_WHAT THIS TASK INVOLVES_
Report all lines below with the word "Thék".

_GIVEN INFORMATION_
------------------------

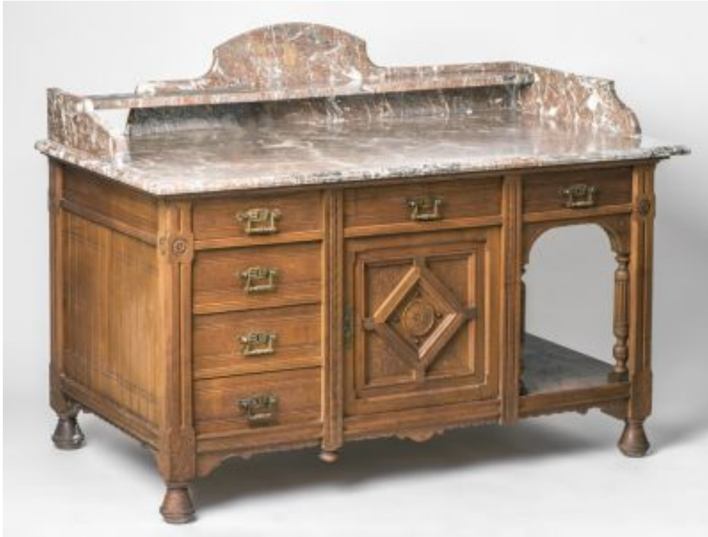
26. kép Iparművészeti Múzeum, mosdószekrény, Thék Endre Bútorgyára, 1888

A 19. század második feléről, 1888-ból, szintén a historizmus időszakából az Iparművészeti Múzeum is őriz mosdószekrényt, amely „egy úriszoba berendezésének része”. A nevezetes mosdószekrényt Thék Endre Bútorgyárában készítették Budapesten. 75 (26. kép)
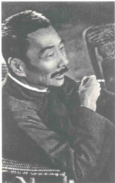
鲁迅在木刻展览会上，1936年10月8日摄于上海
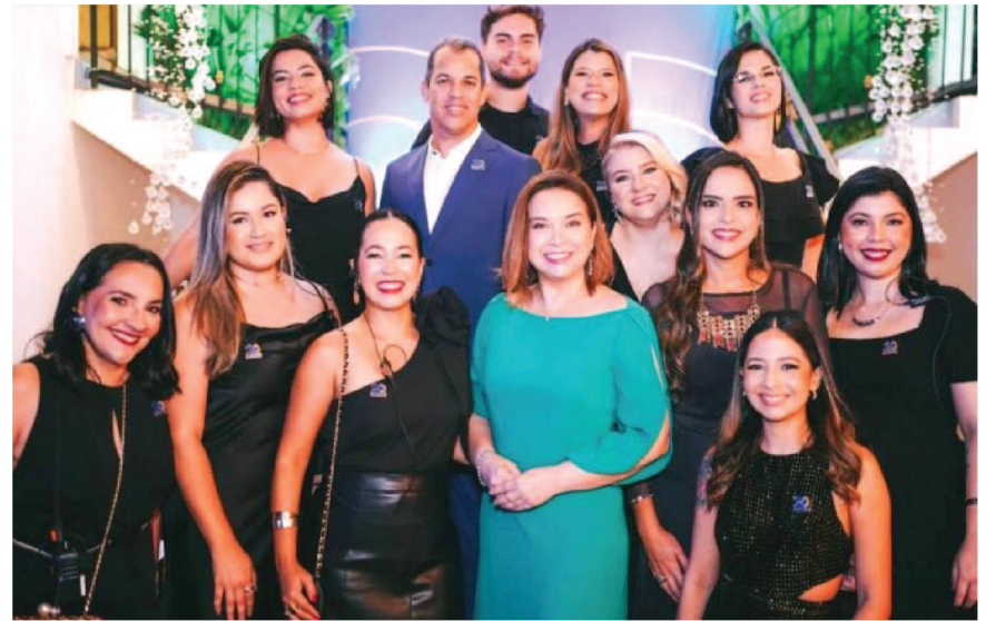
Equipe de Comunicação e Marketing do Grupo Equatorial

------------------------

_EXERCISE OUTPUT_
26. kép Iparművészeti Múzeum, mosdószekrény, Thék Endre Bútorgyára, 1888
A 19. század második feléről, 1888-ból, szintén a historizmus időszakából az Iparművészeti Múzeum is őriz mosdószekrényt, amely „egy úriszoba berendezésének része”. A nevezetes mosdószekrényt Thék Endre Bútorgyárában készítették Budapesten. 75 (26. kép)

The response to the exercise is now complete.